When he sat down there was a profound hush; then Bacon arose.
"That's _man's_ talk, that is! An' I jest want 'o say, Andrew Pill, that you kin jest forgit you owe me anything. An' if ye want any help come to me. Y're jest gittun' ready to preach, 'n' I'm ready to give ye my support."
"That's the talk," said Councill. "I'm with ye on that."
Pill shook his head. The painful silence which followed was broken by the effusive voice of Wheat:--
"Let us pray--and remember our lost brother."
The urgings of the people were of no avail. Mr. Pill settled up his affairs and moved to Cresco, where he went back into trade with a friend, and for three years attended silently to his customers, lived down their curiosity, and studied anew the problem of life. Then he moved away, and no one knew whither.
One day last year Bacon met Jennings on the road.
"Heerd anything o' Pill lately?"
"No, have you?"
"Waal, yes.

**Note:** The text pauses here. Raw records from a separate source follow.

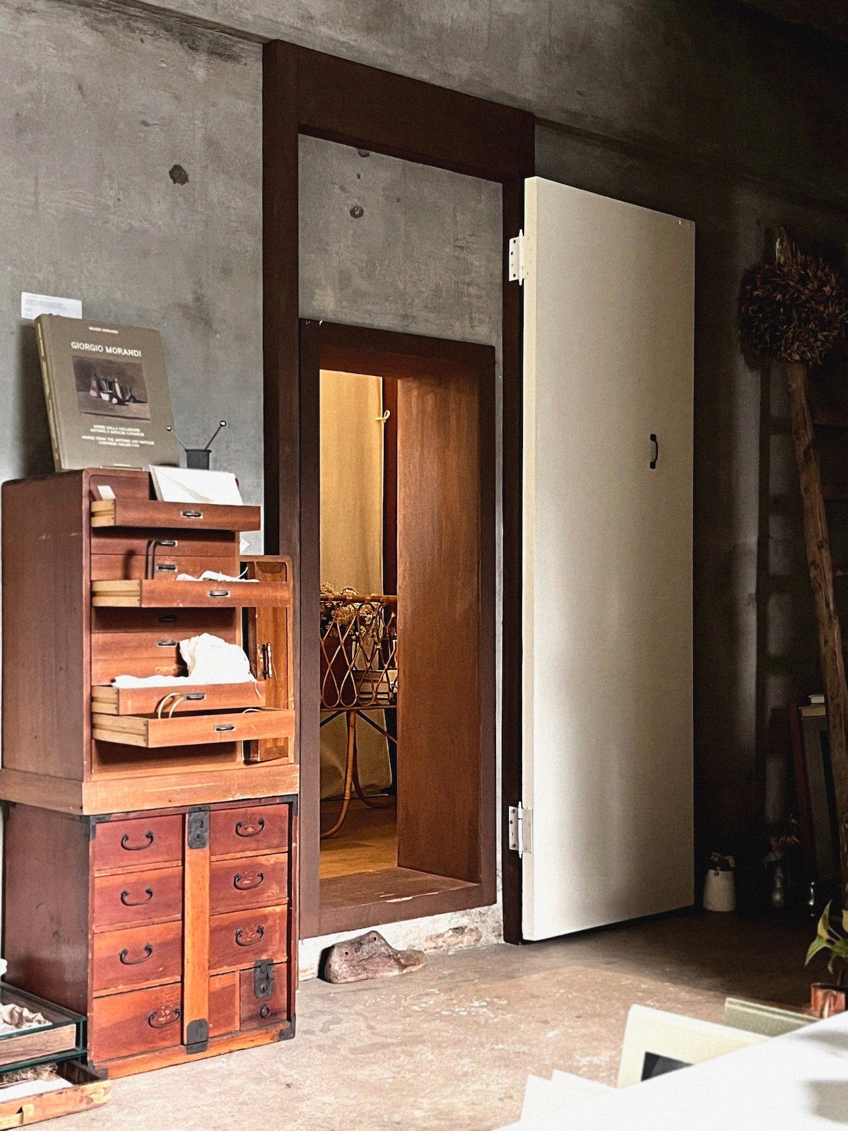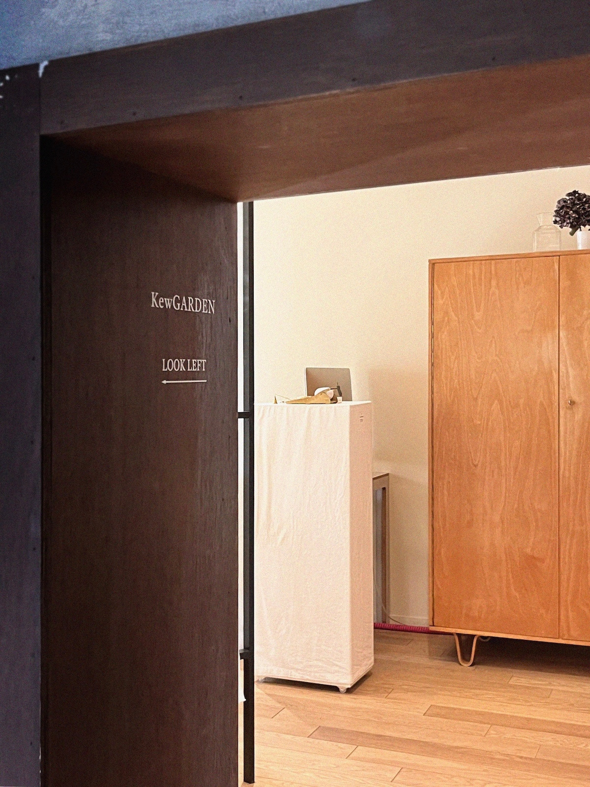 큐는 107호와 108호 사이 벽에 낸 작은 문을 통과해야 쇼룸 안으로 들어갈 수 있습니다. 앞서 말씀드린 것처럼 쇼룸으로 쓰는 108호는 원래 창고였어요. 대림맨숀은 하나의 호실이 8~10평 남짓인데, 수납공간이 없는 오래된 맨숀이라 두 개의 호실을 같이 쓰고 있었죠. 창고의 물건들을 108호에서 107호로 빠르게 옮기기 위해 벽에 문을 낸 거예요. 처음부터 상점 출입구로 만든 문이 아니라 클 필요도 없었어요.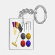 Keep your keys organized with a touch of sporty flair using this croquet set keychain. The design showcases a detailed illustration of the iconic mallet and game balls in a compact format. It is an ideal small gift or party favor for tournament participants and members of lawn game clubs. This sturdy accessory ensures you carry a piece of your favorite summer pastime with you wherever you go.
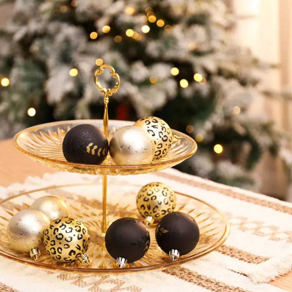 Karaca Home New Year Christmas Leopard Tree Bauble Set, 9 Piece, 6cm, Multi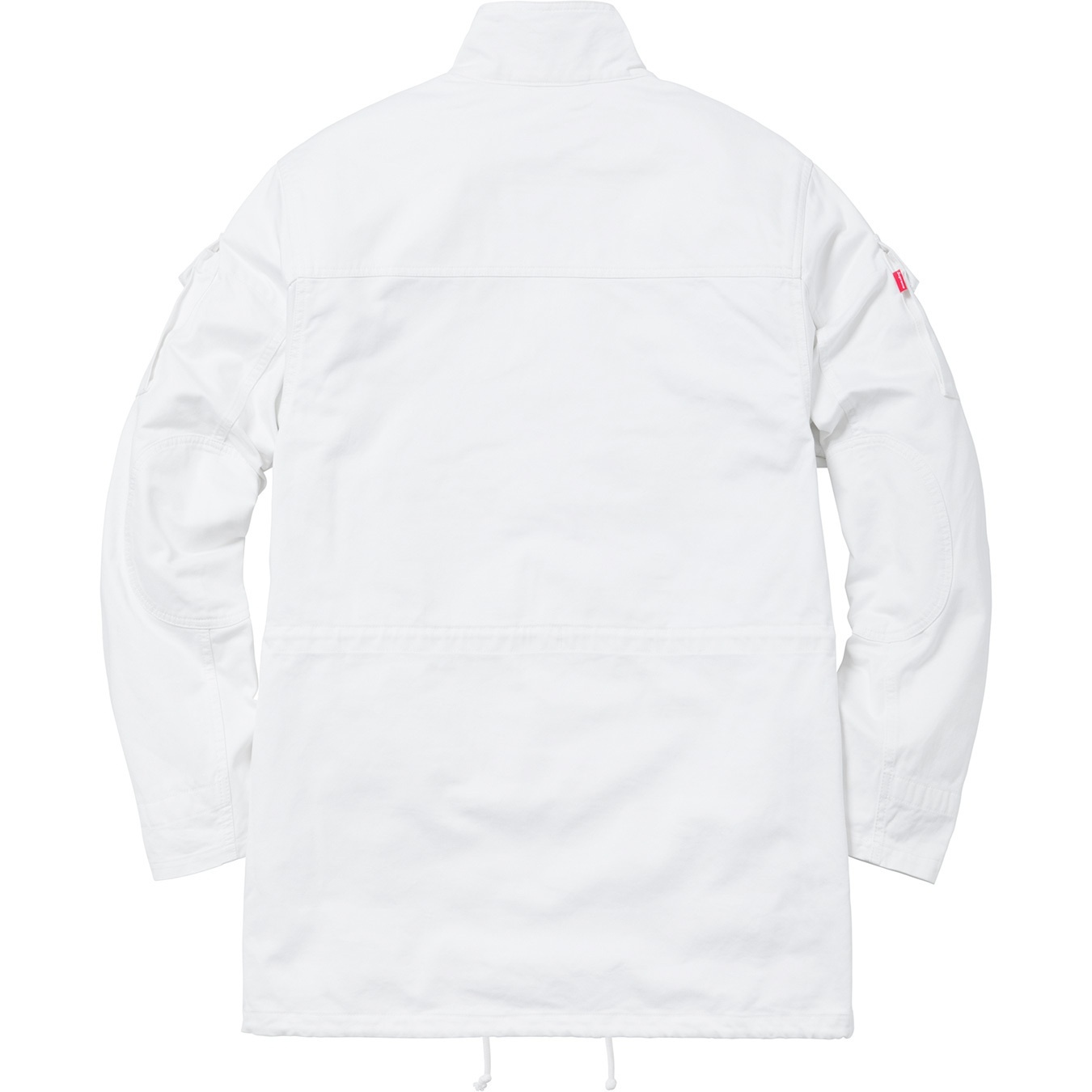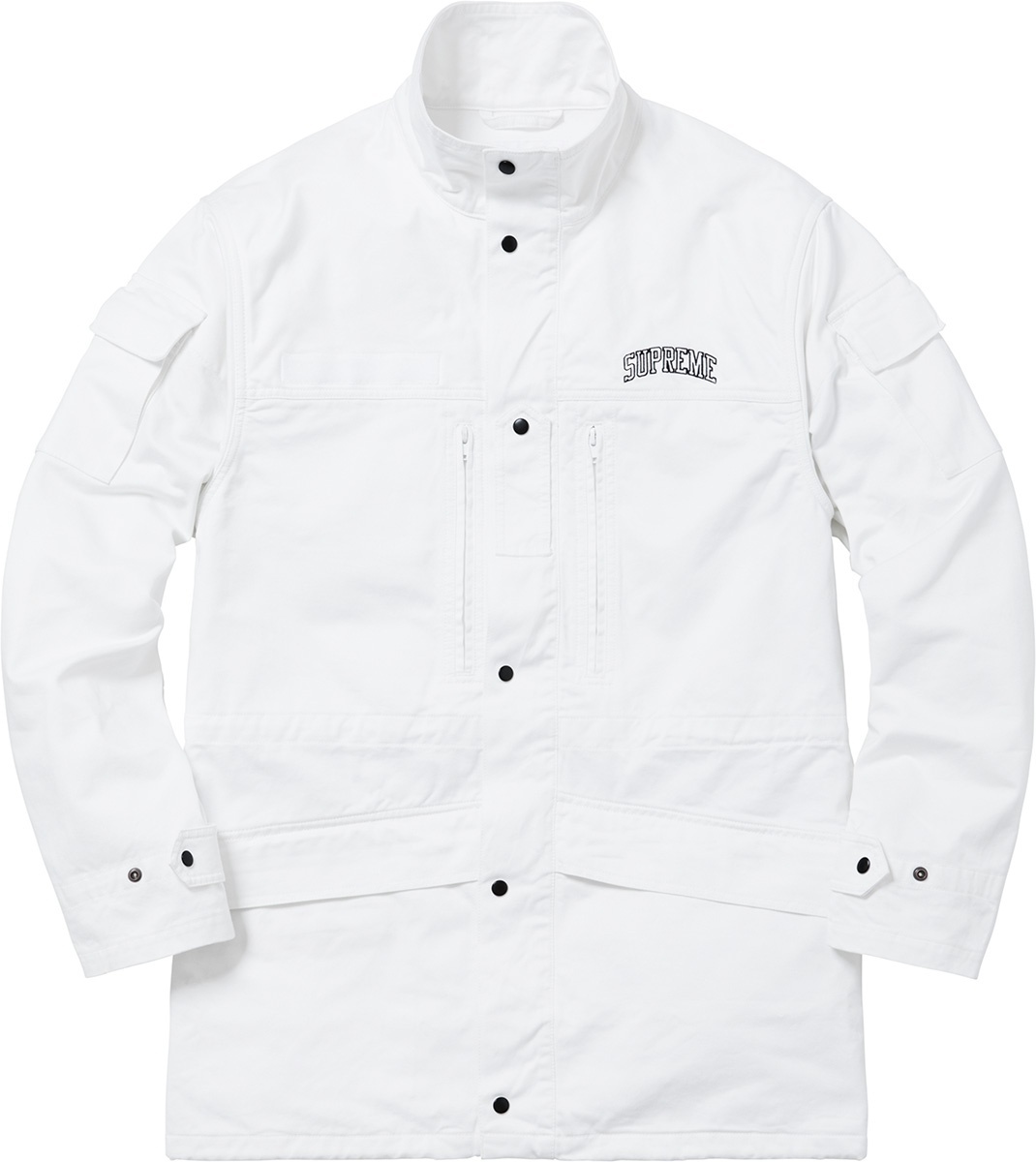 Washed heavyweight cotton with full zip closure and snap placket. Chest and hip pockets with utility pockets on outer sleeves and embroidered logo on chest.

Brown told me he ran acrost him down in Eelinoy, doun' well, too."
"In dry goods?"
"No, preachun'."
"Preachun'?"
"So Brown said. Kind of a free-f'r-all church, I reckon, from what Jedge told me. Built a new church; fills it twice a Sunday. I'd like to hear him, but he's got t' be too big a gun f'r us. Ben studyun', they say; went t' school."
Jennings drove sadly and thoughtfully on.
"Rather stumps Brother Jennings," laughed Bacon, in a good-humored growl.
A DAY OF GRACE
Sunday is the day for courtship on the prairie. It has also the piety of cleanliness. It allows the young man to get back to a self-respecting sweetness of person, and enables the girls to look as nature intended, dainty and sweet as posies.
The change from everyday clothing on the part of young workmen like Ben Griswold was more than change; it approached transformation. It took more than courage to go through the change,--it required love.
Ben arose a little later on Sunday morning than on weekdays, but there were the ch.o.r.es to do as usual. The horses must be watered, fed, and curried, and the cows were to milk, but after breakfast Ben threw off the cares of the hired hand. When he came down from the little garret into which the hot August sun streamed redly, he was a changed creature.
Clean from tip to toe, newly shaven, wearing a crackling white shirt, a linen collar and a new suit of store clothes, he felt himself a man again, fit to meet maidens.
His partner, being a married man, was slouching around in his tattered and greasy brown denim overalls. He looked at Ben and grinned.
"Got a tag on y'rself?"
"No, why?"
"n.o.bod'y know ye, if anything happened on the road. There's thirty dollars gone to the dogs." He sighed. "Oh, well, you'll get over that, just as I did."
"I hope I won't get over liking to be clean," Ben said a little sourly.
"I won't be back to milk."
"Didn't expect ye. That's the very time o' day the girls are purtiest,--just about sundown. Better take Rock. I may want the old team myself."
Ben hitched up and drove off in the warm bright morning, with wonderful elation, clean and self-respecting once more. His freshly shaven face felt cool, and his new suit fitted him well. His heart took on a great resolution, which was to call upon Grace.
The thought of her made his brown hands shake, and he remembered how many times he had sworn to visit her, but had failed of courage, though it seemed she had invited him by word and look to do so.